IMGT annotation rules provide information on practical questions raised in the
process of annotation and which may be useful to the IMGT/LIGM-DB users.
Annotation level in IMGT/LIGM-DB
Annotation level is indicated on the ID line at the top of the flat file.
To retrieve sequences according to the annotation level, go to the
"Catalogue" module of IMGT/LIGM-DB.
Gene and allele names in IMGT/LIGM-DB
- Standardized IMGT gene and allele names are shown, in the
IMGT annotations and in the IMGT flat files, under the qualifiers "gene" and "allele", respectively.
These qualifiers are assigned to the entities (V-GENE, D-GENE, J-GENE and C-GENE)

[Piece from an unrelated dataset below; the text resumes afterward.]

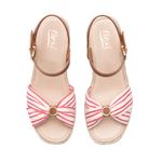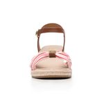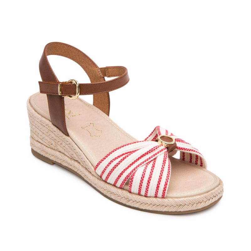 Sandalia con cuña baja de yute, con dos estilos: uno con un textil a rayas con un aire náutico y el otro con tiras multicolores que los hacen fáciles de combinar, son perfectos para llevar esta temporada.

and to the cores (V-REGION, D-REGION, J-REGION , and C-REGION).
-
Note that the gene names shown in the definitions and under the qualifier "gene_alias"
in the IMGT flat files are designations retrieved from the EMBL flat files or from the literature.
-
A change in the IMGT gene or allele names is indicated by a note with a date
(both in red) in the
Gene tables and
related documents of the IMGT Repertoire.
Limits of labels
Germline sequences
- V-REGION
The 3' end of V-REGION includes, if present, the 1 (or 2) nucleotide(s) between the
most 3' codon and the V-HEPTAMER.
- J-REGION
The 5' end of J-REGION includes, if present, the 1 (or 2) nucleotide(s) between the
most 5' codon and the J-HEPTAMER.
Rearranged sequences not yet annotated with
IMGT/JunctionAnalysis
- IGK and IGL
The V-REGION is limited in 3' by the last germline codon (even if mutated)
The J-REGION is limited in 5' by the first germline codon (even if mutated)
N-REGION is only added if there are additional nucleotides compared to the
length (in codon numbers) of the germline V-REGION and J-REGION
- IGH
The V-REGION is limited in 3' by the last germline codon (even if mutated)
The J-REGION is limited in 5' by the first codon which is found to be identical to the germline sequence.
The sequence between V-REGION and J-REGION is designated as N-AND-D-REGION.
- TRA and TRG
The V-REGION is limited in 3' by the last germline codon (even if there are substitutions due to the N-diversity).
The J-REGION is limited in 5' by the first codon which is found to be identical to the germline sequence.
The sequence between V-REGION and J-REGION is designated as N-REGION.
- TRB and TRD
The V-REGION is limited in 3' by the last germline codon (even if there are substitutions due to the N-diversity).
The J-REGION is limited in 5' by the first codon which is found to be identical to the germline sequence.
The sequence between V-REGION and J-REGION is designated as N-AND-D-REGION.
C-REGION in genomic DNA and cDNAs
- C-REGION in genomic DNA does not include the J-REGION last nucleotide which participates to the the
first codon. The translation tool starts at the third nucleotide of the C-REGION
(codon_start 3).
The J-REGION nucleotide and the first amino acid resulting from the splicing are shown between parentheses
in Alignments of alleles (IMGT Repertoire).
- C-REGION in cDNA includes the J-REGION last nucleotide.
CH3 (or CH4) exon and domain, and CHS
- CH3 exon (for IGHG) or CH4 exon (for IGHM and IGHE) includes CHS.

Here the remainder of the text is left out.